Da petição inicial da ação de inconstitucionalidade do PT – representado pela presidente nacional, senadora Gleisi Hoffman – destacam-se os seguintes argumentos:

– “Afinal, o que se tem é um decreto que vem furtar o lugar da lei, estabelecendo novas normas jurídicas, completamente diferentes daquelas que foram aprovadas pelo Congresso Nacional”.

– “A inconstitucionalidade do Decreto nº 9.355 é atestada pelo próprio Professor Doutor Michel Temer que, em seus ‘Elementos de Direito Constitucional’ ensinava: ‘O Executivo, ao regulamentar a lei, não a interpreta. Busca dar-lhe a aplicação, simplesmente.
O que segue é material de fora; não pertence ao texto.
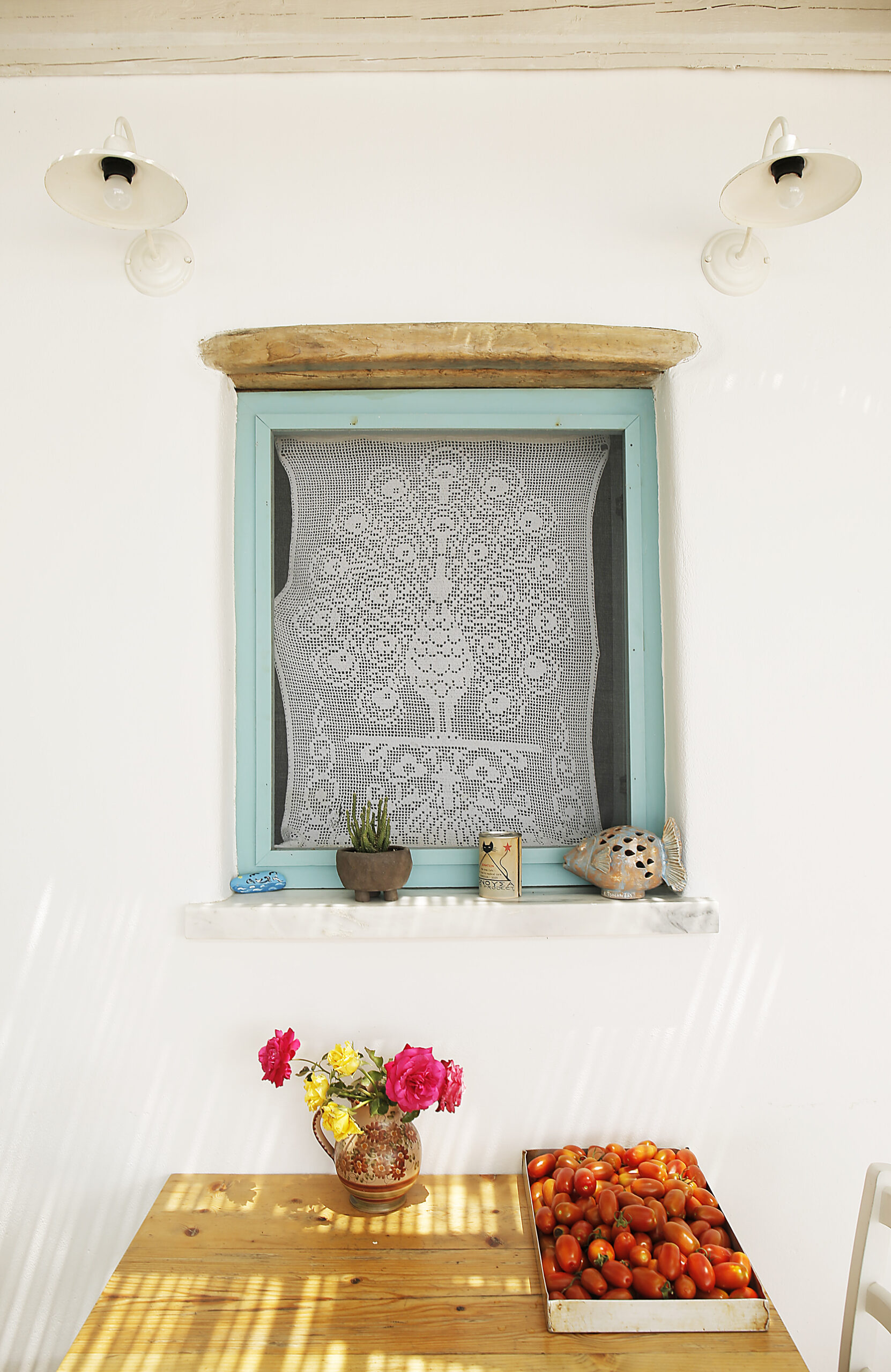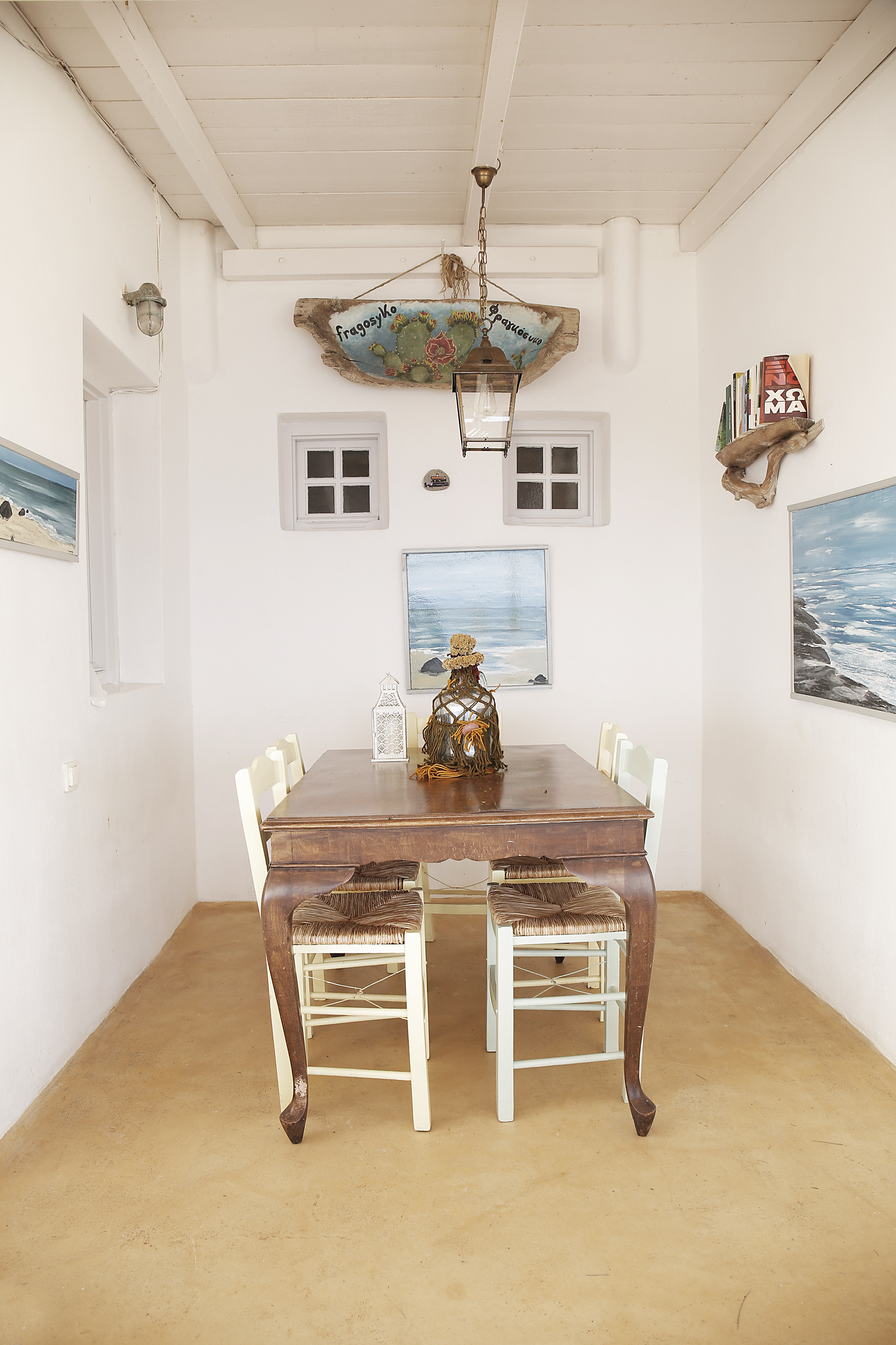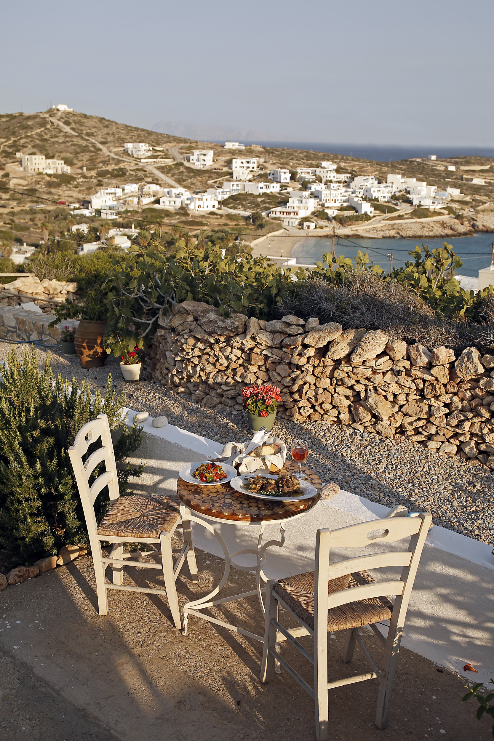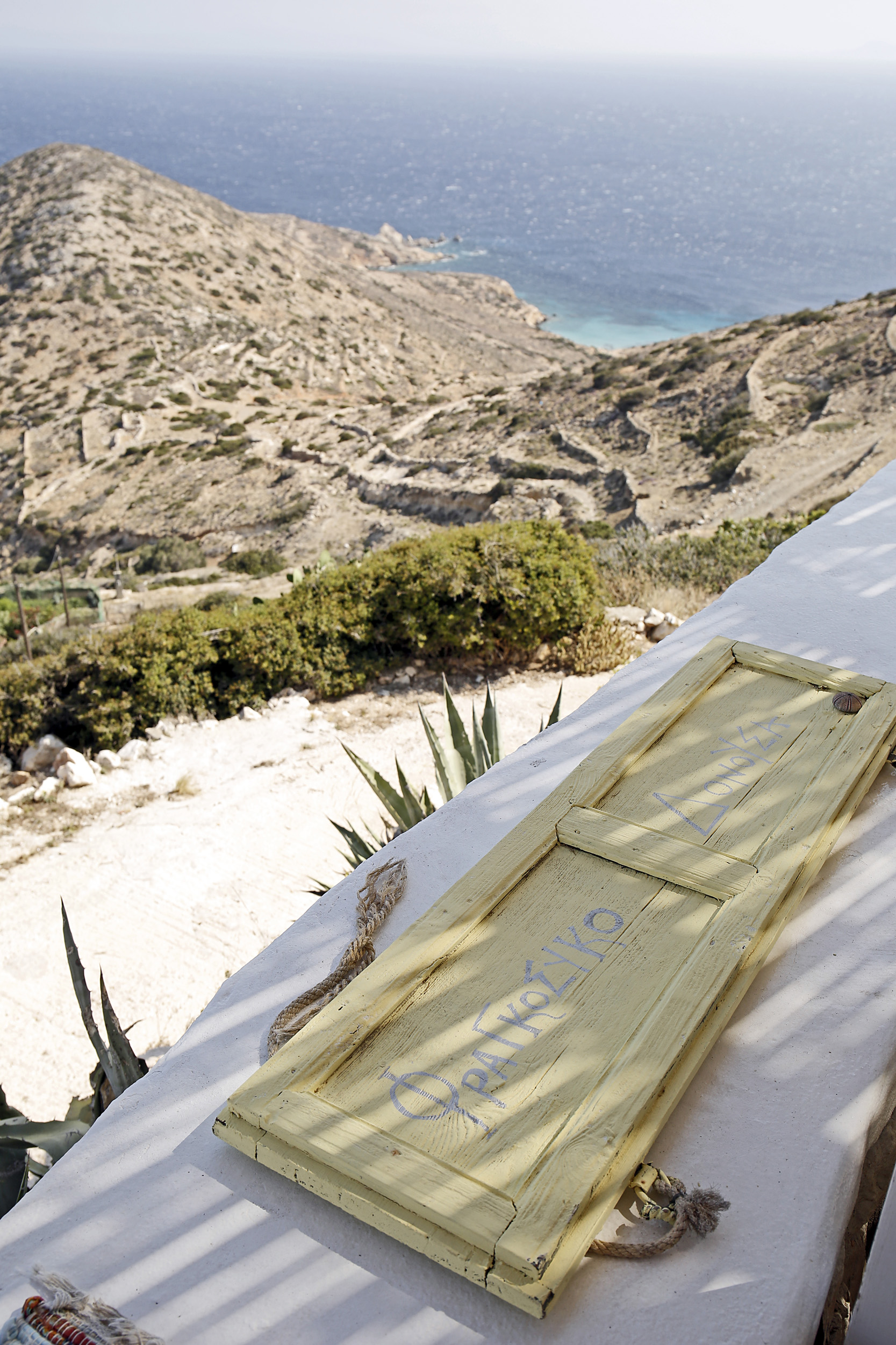 Δεξιά της βεράντας με τη φανταστική θέα, ο ήλιος κόβει τις τελευταίες σκιές. Η συνθήκη είναι απλή. Από το 2014 η Χρύσα, η οποία ήρθε στο νησί ως τουρίστρια, βρήκε το οίκημα, το νοίκιασε, έμεινε σε αυτό εξοπλίζοντας το παράλληλα σιγά σιγά και ξεκίνησε να φτιάχνει μεζέδες για φίλους. Έχοντας μνήμες από τη γιαγιά της και τη θεία της οι οποίες ήταν επαγγελματίες μαγείρισσες, άρχισε να εμπλουτίζει τον κατάλογο με συνταγές πρωτότυπες αλλά και εμπνεύσεις δικές της. Ετοιμάζει 7-8 φαγητά καθημερινά, πίτες με μυζήθρα, λαχανικά, πιπεριές πολύχρωμες, ιμάμ, σουτζουκάκια σμυρναίικα, σουπιές, χταπόδι, αλλά και το σουξέ της, το απίθανο τσιγαριαστό. Όλα αυτά συνοδεία κρητικής ρακής και, κάποιες φορές, αυθόρμητης ζωντανής μουσικής που μεγενθύνει τη Δονουσιώτικη νύχτα.

Como o regulamento é subordinado à lei, esta não pode delegar competência legislativa ao Executivo para criar direitos e deveres’”.

– “Isso também não agradou ao Exmº. Sr. Presidente da República, que inseriu no seu Decreto nº 9.355 um dispositivo em sentido diametralmente oposto:
“Art. 1º. (…) “§ 7º As contratações de bens e serviços efetuadas pelos consórcios operados pela Petrobras ficarão sujeitas ao regime próprio das empresas privadas, hipótese em que não se aplica o procedimento licitatório, observados os princípios da
administração pública previstos na Constituição”.
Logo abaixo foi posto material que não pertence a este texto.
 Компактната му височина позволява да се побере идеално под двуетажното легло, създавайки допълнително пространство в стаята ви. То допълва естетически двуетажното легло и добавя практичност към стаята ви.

– “Na Lei, a negociação ocorre após o julgamento, e faz-se apenas com quem “obteve a primeira colocação na etapa de julgamento; no Decreto, a negociação ocorre antes do resultado, e envolve mais de um proponente.

Evidentemente, a inversão feita pelo Decreto nº 9.355 é completamente incompatível com os princípios constitucionais da moralidade, da impessoalidade e da eficiência, ao permitir que o vencedor da licitação seja alterado após o resultado, por critérios sabe-se lá quais”.

– “Tudo isso demonstra que o único intuito do Exmº Senhor Presidente da República, ao publicar o Decreto nº 9.355, foi impedir a Vigência da Lei nº 13.303/ 2016, no que se refere às Licitações que envolvam os Ativos da Petrobras”.

– “O Exmº Senhor Presidente da República, em conjunto com o Presidente da Petrobras, vem patrocinando um escandaloso programa de devastação dos Ativos da Petrobras, que vem sendo entregues a particulares, a preço vil e sem licitação”.

– “No bojo de programa apelidado de ‘Plano de Desinvestimentos’, a Petrobras já realizou muitos negócios absolutamente deletérios aos Interesses Nacionais, enquanto alguns outros foram sustados pela Justiça Federal.
O primeiro dos insucessos do Exmº Senhor Presidente da República e do Presidente da Petrobras foi a tentativa de vender os valiosíssimos Campos de Petróleo de Baúna e de Tartaruga Verde à empresa australiana Karoon, por um preço irrisório, negociata essa que foi barrada pelo C. Tribunal Regional Federal da 5ª Região, em decisão mantida pelo Exmº Sr. Vice-Presidente do Superior Tribunal de Justiça”.